(GIVEN ENTRIES Opens)
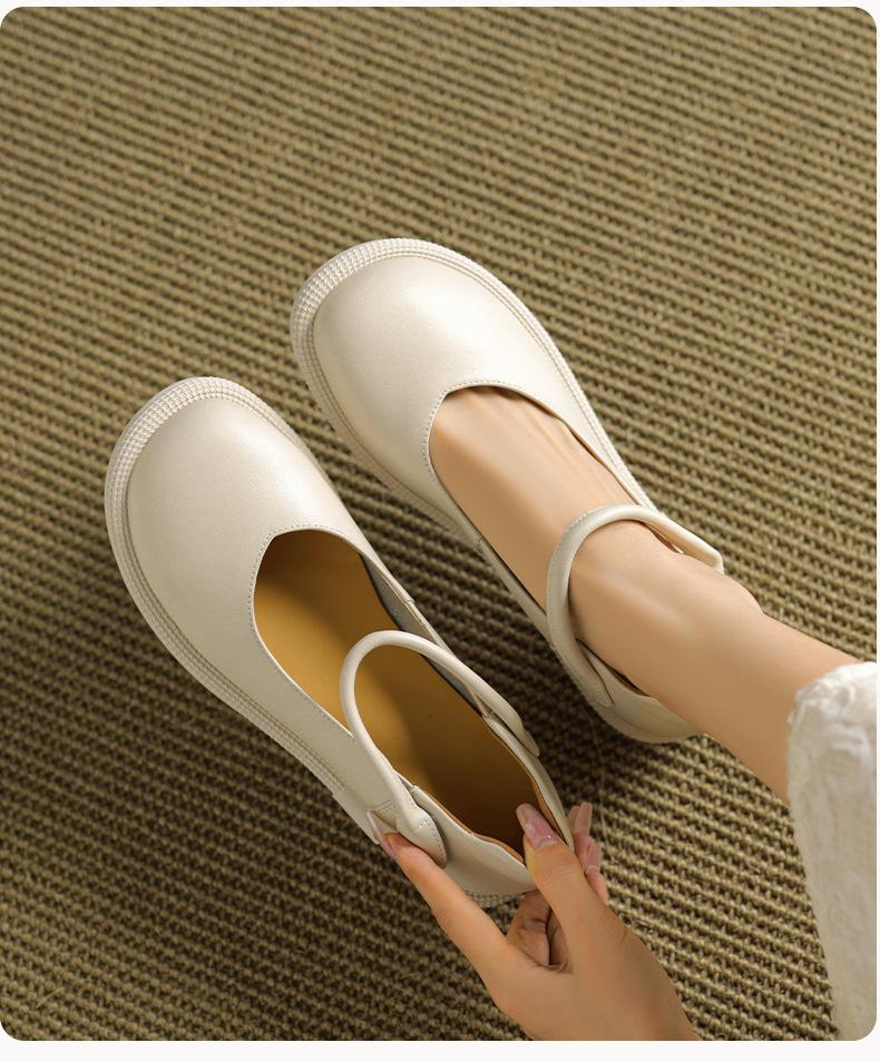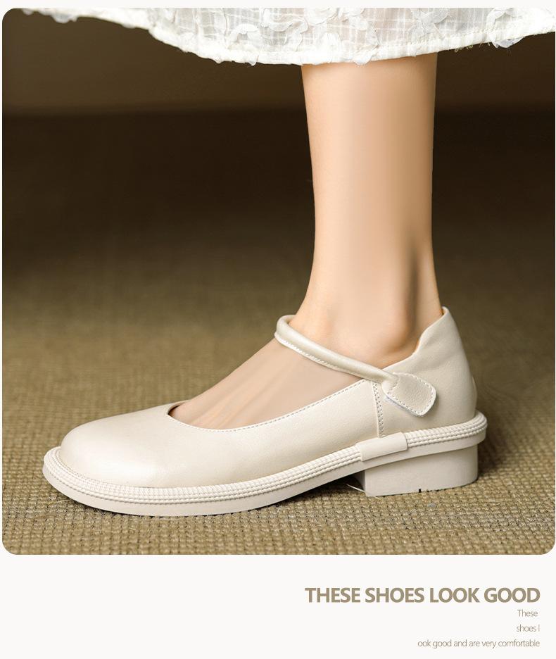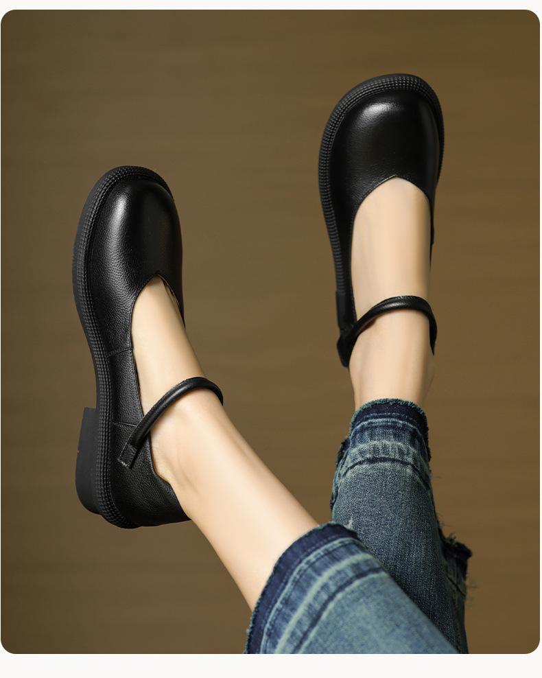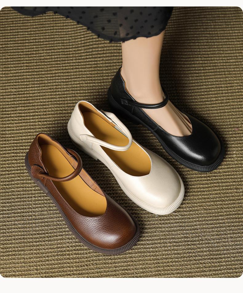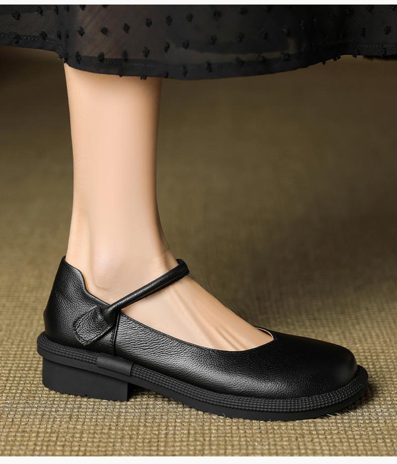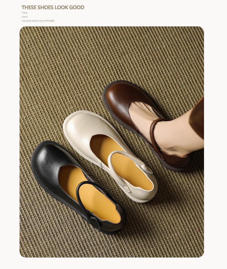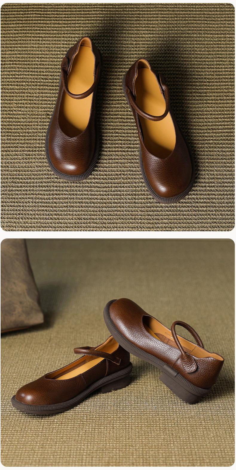 Zapatos de Cuero Genuino Vintage Pequeños Zapatos de Cuero Corte Bajo Zapatos Individuales Mujer 2025 Nuevo Primavera y Otoño Zapatos de Mujer Punta Redonda Mary Janes
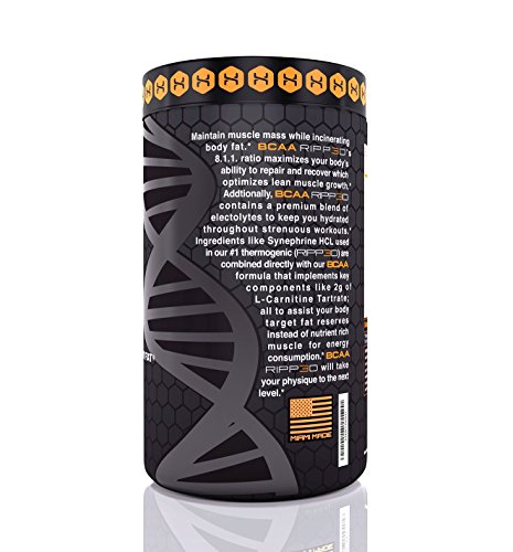 BCAA RIPP3D Helix Nutrition's BCAA RIPP3D has become an industry leader from the second it was introduced. Our proprietary blend of the 8:1:1 Matrix is the optimum ratio of Branched-Chain Amino Acids. BCAA RIPP3D 8:1:1 Matrix 8 parts L-Leucine : 1 part L-Iso-Leucine : 1 part Valine What are BCAAs? Branched Chain Amino Acids are essential amino acids that can be obtained naturally via different food sources like meats, dairy products, and eggs. But it is used in supplement form to maximize optimum uptake of very specific Amino Acids in a beneficial ratio. BCAAs have been shown to increase muscle growth via protein synthesis, stimulate muscle recovery, and increase glucose uptake into the cell for the promotion of cellular energy. Why is BCAA RIPP3D Special? We have optimized the ratio of the essential Amino Acids Leucine, IsoLeucine, and Valine. The 8:1:1 ratio ensures that protein synthesis is at its peak performance. Our formula also has a dose of glutamine and L-Carnitine Tartrate for additional recovery and circulation benefits. Last but not least, the flavoring is out of this world!!!Feature
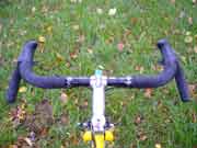 Unlike a lot of ‘custom’ kit on the market, you can’t doubt that these bars really have been custom made. Just a glance will tell you that. First of all, these bars are WIDE. Really, really wide – 58cm centre-to-centre on the drops. Your normal bars are probably 42cm wide. Also, your bars probably have vertical drops, at 90 degrees to the flat central section of the bars. Not these bars, they have really shallow drops that flare outwards at 113 degrees. They also use a mountain bike stem, with a clamp diameter of 25.4mm (rather than 26mm on a road stem). Like I said, weird.
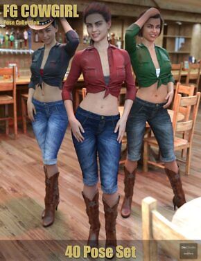 The Cowgirl For G8 is a pose pack for Genesis 8 female and male.
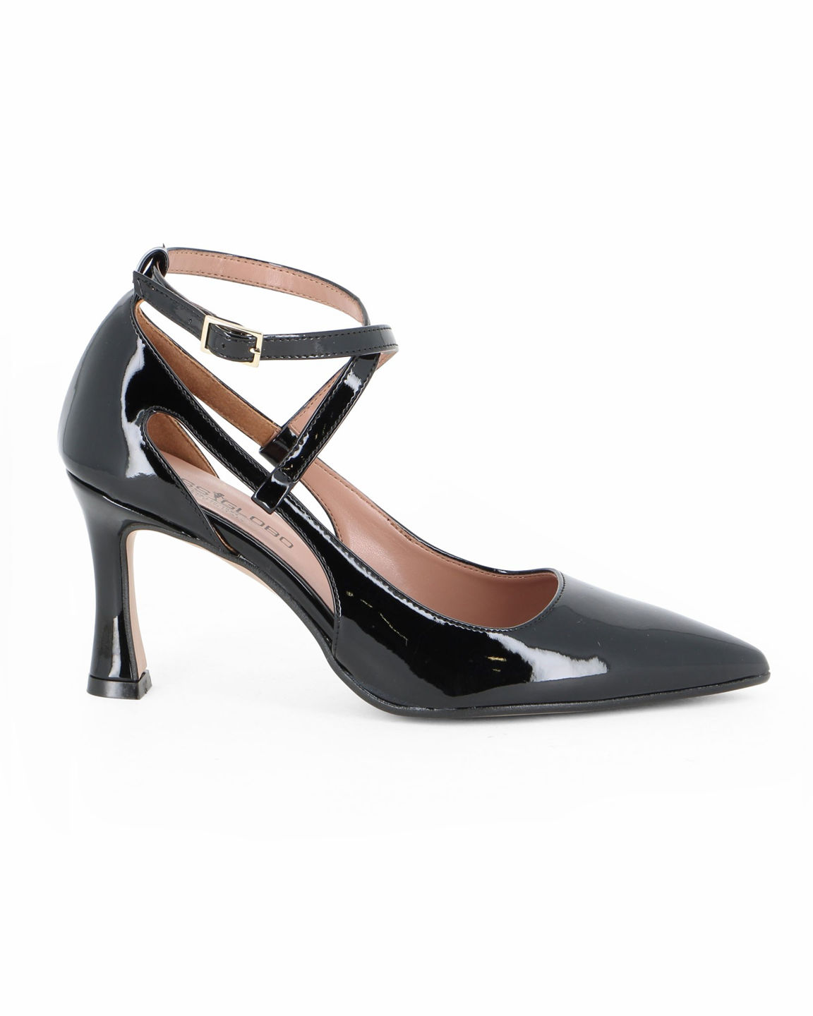 MISS GLOBO - Décolleté nera in vernice con cinturini incrociati, tacco 7,5CM - MADE IN ITALY
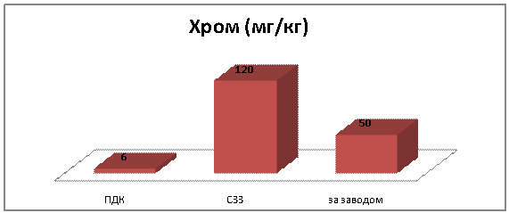 составляет 120 мг/кг, что превышает ПДК в 20 раз, за пределами территории содержание хрома значительно ниже
(GIVEN ENTRIES Closes)
## WORK INSTRUCTION:
Reproduce the entries above word for word. Pictures stay out.

## TASK ANSWER:
 Zapatos de Cuero Genuino Vintage Pequeños Zapatos de Cuero Corte Bajo Zapatos Individuales Mujer 2025 Nuevo Primavera y Otoño Zapatos de Mujer Punta Redonda Mary Janes
 BCAA RIPP3D Helix Nutrition's BCAA RIPP3D has become an industry leader from the second it was introduced. Our proprietary blend of the 8:1:1 Matrix is the optimum ratio of Branched-Chain Amino Acids. BCAA RIPP3D 8:1:1 Matrix 8 parts L-Leucine : 1 part L-Iso-Leucine : 1 part Valine What are BCAAs? Branched Chain Amino Acids are essential amino acids that can be obtained naturally via different food sources like meats, dairy products, and eggs. But it is used in supplement form to maximize optimum uptake of very specific Amino Acids in a beneficial ratio. BCAAs have been shown to increase muscle growth via protein synthesis, stimulate muscle recovery, and increase glucose uptake into the cell for the promotion of cellular energy. Why is BCAA RIPP3D Special? We have optimized the ratio of the essential Amino Acids Leucine, IsoLeucine, and Valine. The 8:1:1 ratio ensures that protein synthesis is at its peak performance. Our formula also has a dose of glutamine and L-Carnitine Tartrate for additional recovery and circulation benefits. Last but not least, the flavoring is out of this world!!!Feature
 Unlike a lot of ‘custom’ kit on the market, you can’t doubt that these bars really have been custom made. Just a glance will tell you that. First of all, these bars are WIDE. Really, really wide – 58cm centre-to-centre on the drops. Your normal bars are probably 42cm wide. Also, your bars probably have vertical drops, at 90 degrees to the flat central section of the bars. Not these bars, they have really shallow drops that flare outwards at 113 degrees. They also use a mountain bike stem, with a clamp diameter of 25.4mm (rather than 26mm on a road stem). Like I said, weird.
 The Cowgirl For G8 is a pose pack for Genesis 8 female and male.
 MISS GLOBO - Décolleté nera in vernice con cinturini incrociati, tacco 7,5CM - MADE IN ITALY
 составляет 120 мг/кг, что превышает ПДК в 20 раз, за пределами территории содержание хрома значительно ниже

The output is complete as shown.